EXERCISE INPUT START

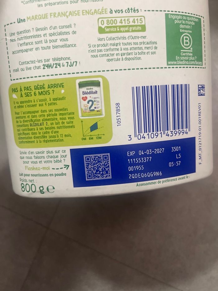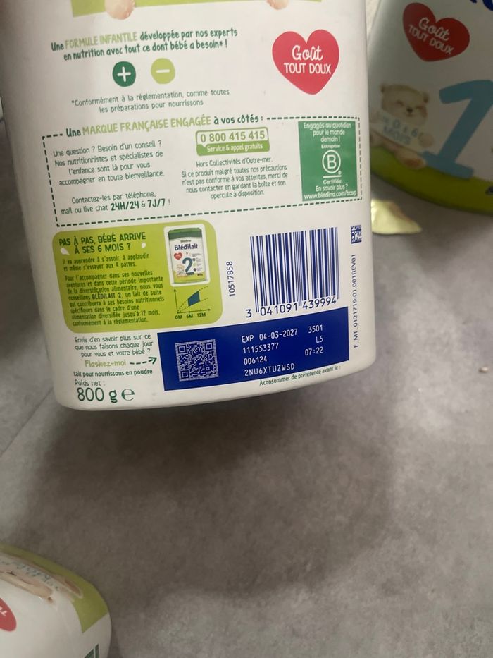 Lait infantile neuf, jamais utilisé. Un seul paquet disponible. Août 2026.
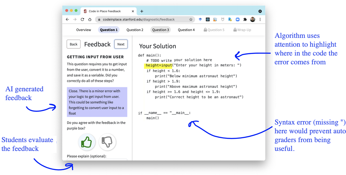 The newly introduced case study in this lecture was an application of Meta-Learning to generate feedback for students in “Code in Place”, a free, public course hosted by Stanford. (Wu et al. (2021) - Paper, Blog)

EXERCISE INPUT END
EXERCISE INPUT START

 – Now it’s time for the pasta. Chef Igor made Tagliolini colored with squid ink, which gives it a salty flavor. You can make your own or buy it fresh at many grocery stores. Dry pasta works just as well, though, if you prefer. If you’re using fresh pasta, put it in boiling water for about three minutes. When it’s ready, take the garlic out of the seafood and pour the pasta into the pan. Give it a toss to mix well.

EXERCISE INPUT END
EXERCISE INPUT START

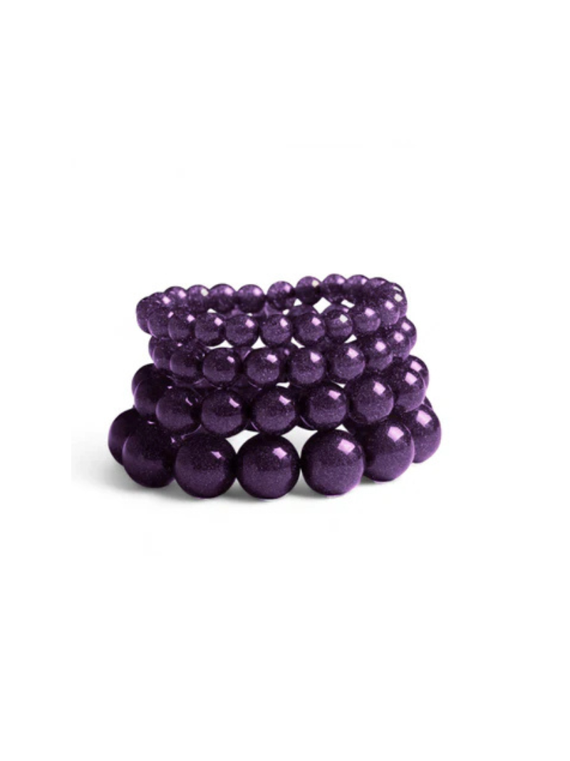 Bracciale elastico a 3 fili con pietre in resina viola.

EXERCISE INPUT END

PROBLEM REQUIREMENTS: In the listing above, find the line containing "Lait infantile neuf, jamais" and the line containing "The newly introduced". Reproduce those lines and all between them exactly, with no pictures and nothing more.

WRITTEN RESPONSE:
 Lait infantile neuf, jamais utilisé. Un seul paquet disponible. Août 2026.
 The newly introduced case study in this lecture was an application of Meta-Learning to generate feedback for students in “Code in Place”, a free, public course hosted by Stanford. (Wu et al. (2021) - Paper, Blog)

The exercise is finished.